→ **Records provided**
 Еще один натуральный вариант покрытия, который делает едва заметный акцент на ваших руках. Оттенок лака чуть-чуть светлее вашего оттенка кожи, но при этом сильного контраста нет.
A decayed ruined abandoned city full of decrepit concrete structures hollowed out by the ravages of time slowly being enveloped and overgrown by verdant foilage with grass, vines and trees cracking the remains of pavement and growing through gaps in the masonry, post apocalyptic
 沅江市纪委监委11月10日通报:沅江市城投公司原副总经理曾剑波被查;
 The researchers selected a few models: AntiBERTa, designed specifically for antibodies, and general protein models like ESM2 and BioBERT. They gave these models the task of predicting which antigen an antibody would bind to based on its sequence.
...
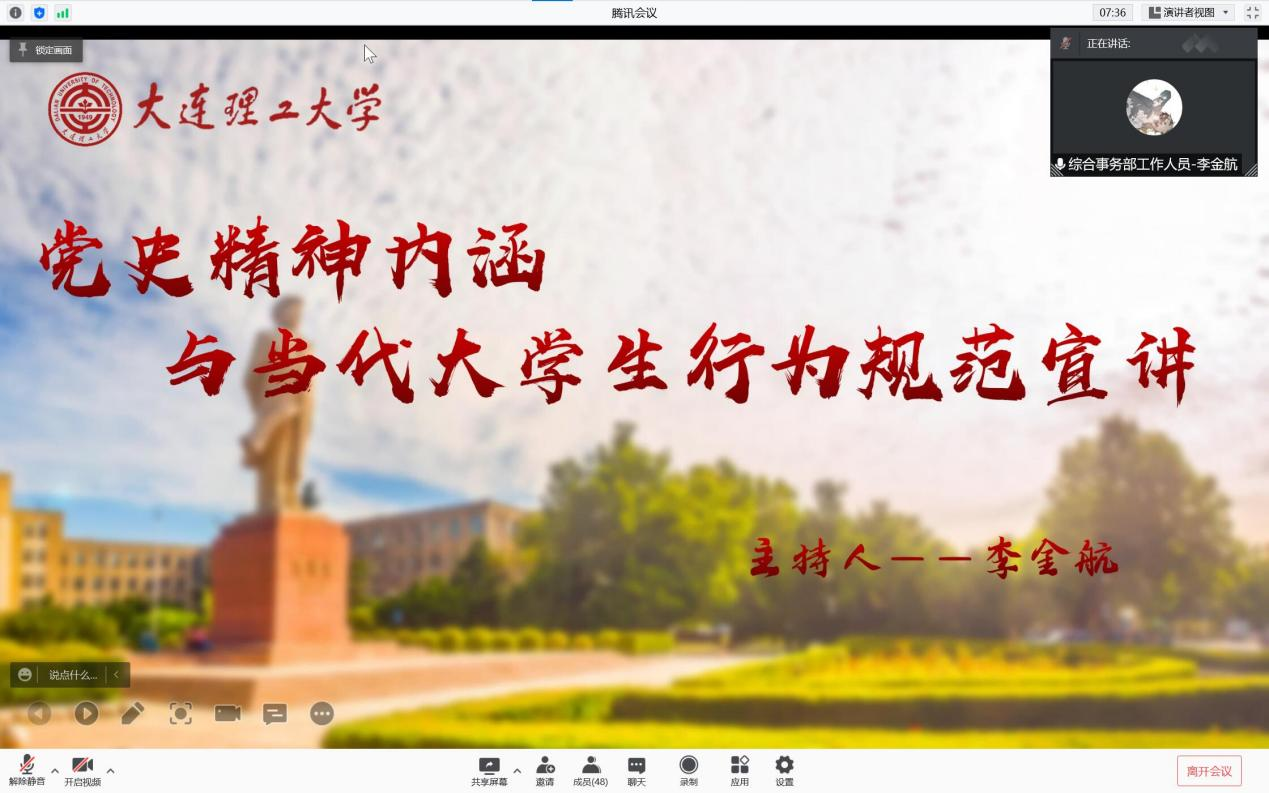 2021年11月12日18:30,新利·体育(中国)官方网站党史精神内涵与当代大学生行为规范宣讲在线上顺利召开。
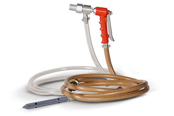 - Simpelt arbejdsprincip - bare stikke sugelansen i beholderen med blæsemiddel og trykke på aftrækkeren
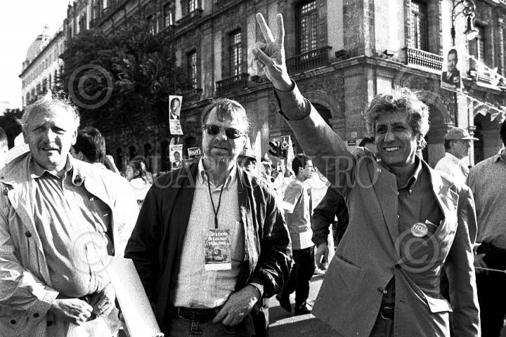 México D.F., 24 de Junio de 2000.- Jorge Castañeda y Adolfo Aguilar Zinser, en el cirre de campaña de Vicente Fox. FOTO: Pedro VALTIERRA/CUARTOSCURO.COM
==
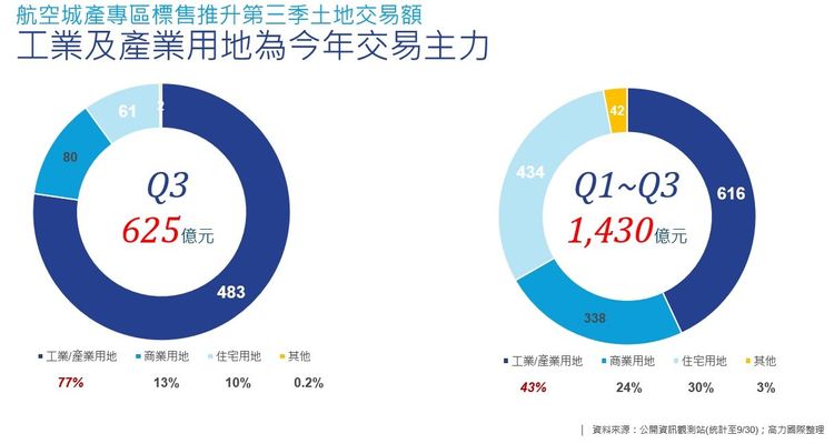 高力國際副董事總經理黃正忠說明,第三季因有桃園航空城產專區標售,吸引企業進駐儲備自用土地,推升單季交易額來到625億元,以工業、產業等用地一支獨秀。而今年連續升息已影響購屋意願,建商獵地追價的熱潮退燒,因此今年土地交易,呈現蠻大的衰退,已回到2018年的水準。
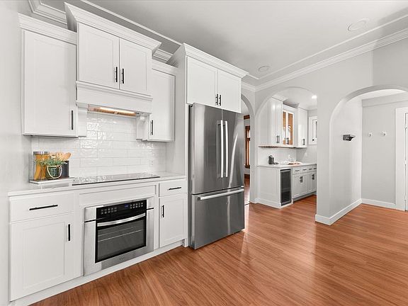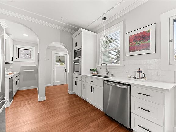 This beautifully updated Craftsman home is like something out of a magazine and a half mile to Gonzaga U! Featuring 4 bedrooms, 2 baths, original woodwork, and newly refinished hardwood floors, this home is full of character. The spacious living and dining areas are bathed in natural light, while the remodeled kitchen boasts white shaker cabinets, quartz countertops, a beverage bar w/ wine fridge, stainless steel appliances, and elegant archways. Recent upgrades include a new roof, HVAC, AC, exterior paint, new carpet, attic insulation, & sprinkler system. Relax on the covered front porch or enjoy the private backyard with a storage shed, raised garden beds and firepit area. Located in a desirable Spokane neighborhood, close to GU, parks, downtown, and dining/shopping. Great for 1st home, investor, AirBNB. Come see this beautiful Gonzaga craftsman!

→ **Work item**
Retype exactly the lines of the data above that fall between the line with "Еще один натуральный" and the line with "沅江市纪委监委11月10日通报:沅江市城投公司原副总经理曾剑波被查;", inclusive, and add nothing.

→ **Written solution**
 Еще один натуральный вариант покрытия, который делает едва заметный акцент на ваших руках. Оттенок лака чуть-чуть светлее вашего оттенка кожи, но при этом сильного контраста нет.
A decayed ruined abandoned city full of decrepit concrete structures hollowed out by the ravages of time slowly being enveloped and overgrown by verdant foilage with grass, vines and trees cracking the remains of pavement and growing through gaps in the masonry, post apocalyptic
 沅江市纪委监委11月10日通报:沅江市城投公司原副总经理曾剑波被查;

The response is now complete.